All the numbers confirm a big, honking difference in quality. Baseball Prospectus says the average AL player can expect to fatten his batting average by 10 points on a steady diet of NL pitching, while AL pitchers switching leagues generally reduce their earned run averages (and not just because they no longer have to face designated hitters). It's not unusual to see hurlers who are only mediocre in the AL turn into Top Guns when they switch leagues, or prized NL arms get strafed once they have to face top-notch batting orders.
You don't need Nancy Drew to figure out the reason for the gap. On average, AL teams spend 25 percent more on player payroll than those in the NL, and both leagues get what they pay for. The explanation may be the free-spending New York Yankees. AL owners have to compete with Yankees owner George Steinbrenner, so they lay out the cash. NL owners don't, so they hoard it.

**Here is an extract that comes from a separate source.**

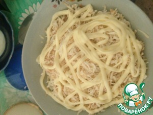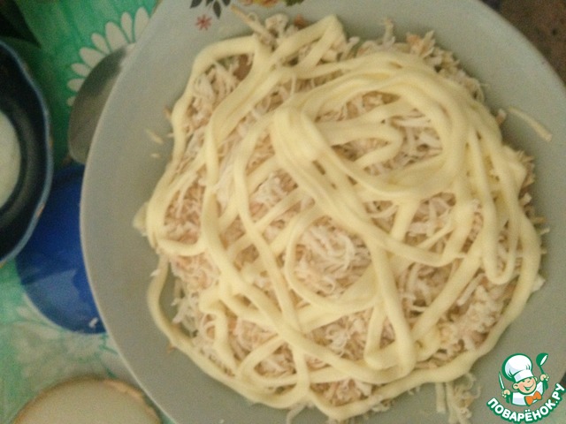 Сыр колбасный трем на мелкой терке. Смазываем майонезом

At some point, even the most loyal bleacher bum has to face reality. And reality is that today, there is only one major league, the American. So it's time for baseball to accept that fact and demote the NL teams to the minors, where they might be able to hold their own. Otherwise NL fans may start sounding like the parents at Little League games: "Good swing!" "Nice try!"
The NL had a lot of good years, and it would be a shame to see it relegated to the oblivion it has earned. At some point, though, even Tiger Woods will have to settle for the Senior Tour.